* Problem statement *
What you return must be exactly the lines from the beginning of the material through the line containing "Messi Gray 5-Piece", both included, and no pictures.

* Dataset section *
*** Begin section ***

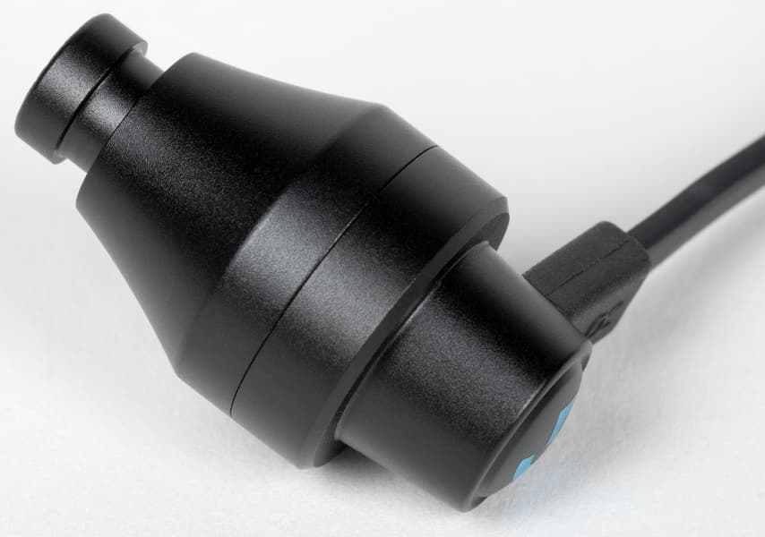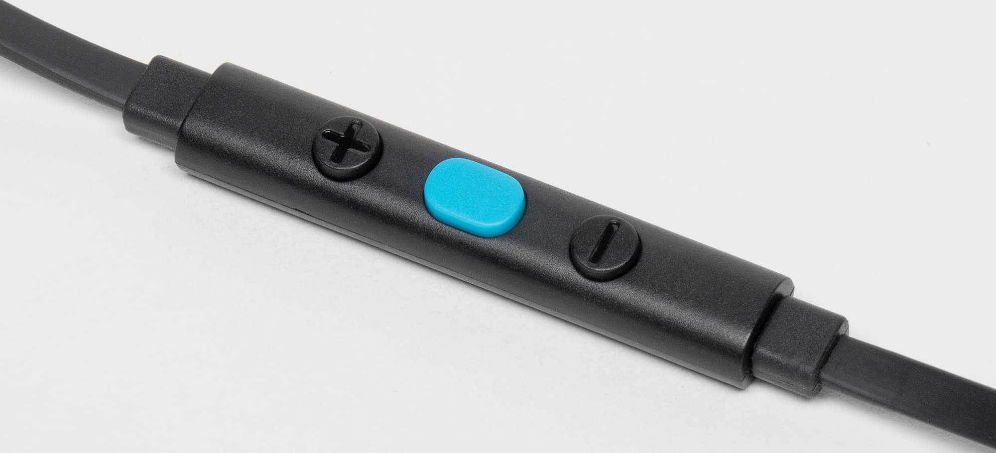 Пульт управления расположен на кабеле, ведущем к правому наушнику. На задней его части размещено отверстие микрофона, на передней — кнопки. Всего их три, центральная выделена цветом. Все они нажимаются мягко и с очень приятным кликом, после нескольких часов ношения гарнитуры привыкаешь пользоваться им на ощупь — становится совсем удобно.
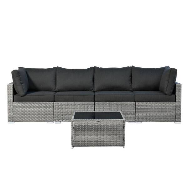 Messi Gray 5-Piece Wicker Outdoor Patio Conversation Sectional Sofa Set with Black Cushions
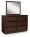 Details PCB857B7: Includes canopy, upholstered headboard, footboard, rails, posts and slats, Made with hardwood solids, mango wood veneer and MDF substrates , Side rails feature laminated solid hardwood slat support rails (or LVL) with glued and screwed blocking for added strength, Complex, rich dark brown finish, Foam headboard cushion with polyester upholstery , Measure room, including ceiling height, to ensure bed clears fans and light fixtures, Foundation/box spring required, sold separately , Mattress available, sold separately , USB-A and USB-C charging ports, Power cord included; UL Listed, Assembly required, PCB857B1: Made with hardwood solids, mango wood veneer and MDF substrates , Complex, rich dark brown finish, Full-length metal rail pulls with matte black finish, 6 smooth-gliding drawers with fully finished interiors, dovetail construction and heavy-duty ball-bearing side glides (top drawers felt lined), Mirror attaches to back of dresser, Soft rounded pilasters, Raised plinth base,
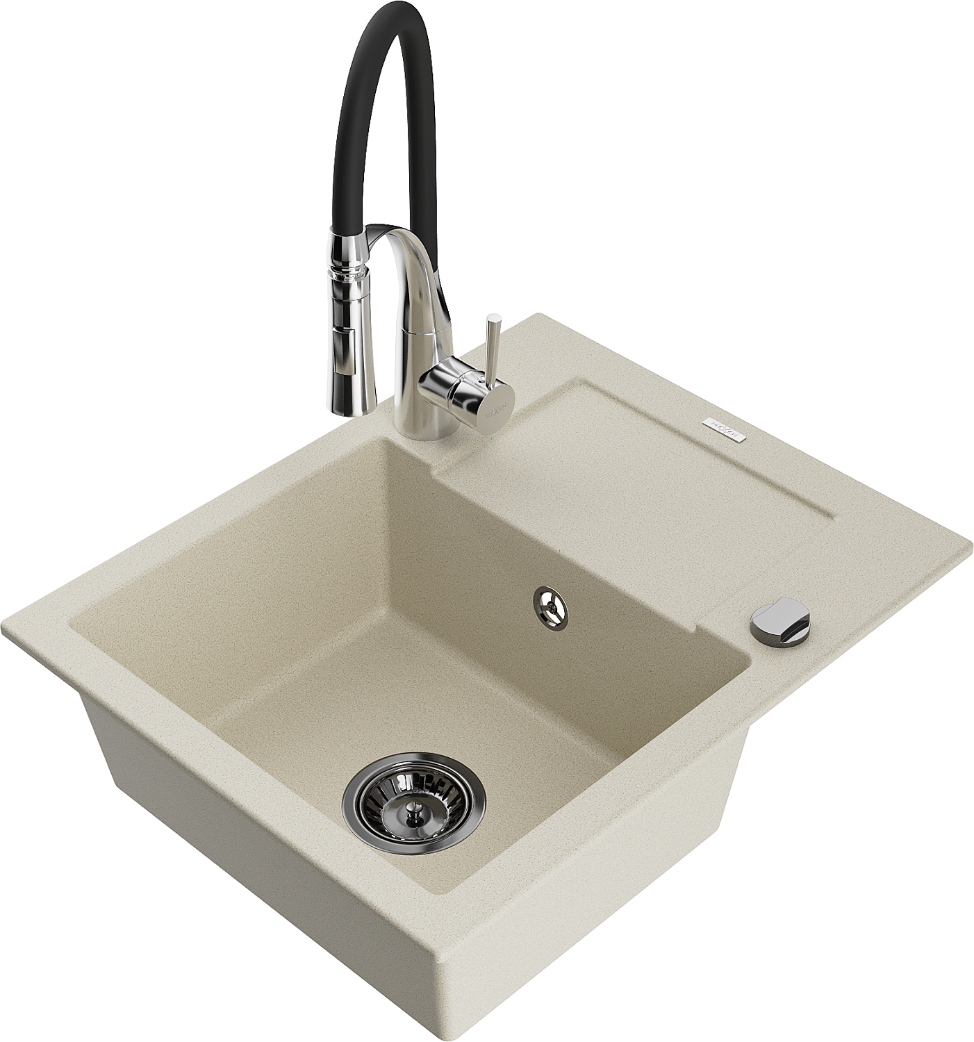 Mexen Enzo Granitspüle 1-Becken mit Abtropffläche und Küchenarmatur Aster, beige - 6506-69-73450-07-B

*** End section ***

* Your response *
 Пульт управления расположен на кабеле, ведущем к правому наушнику. На задней его части размещено отверстие микрофона, на передней — кнопки. Всего их три, центральная выделена цветом. Все они нажимаются мягко и с очень приятным кликом, после нескольких часов ношения гарнитуры привыкаешь пользоваться им на ощупь — становится совсем удобно.
 Messi Gray 5-Piece Wicker Outdoor Patio Conversation Sectional Sofa Set with Black Cushions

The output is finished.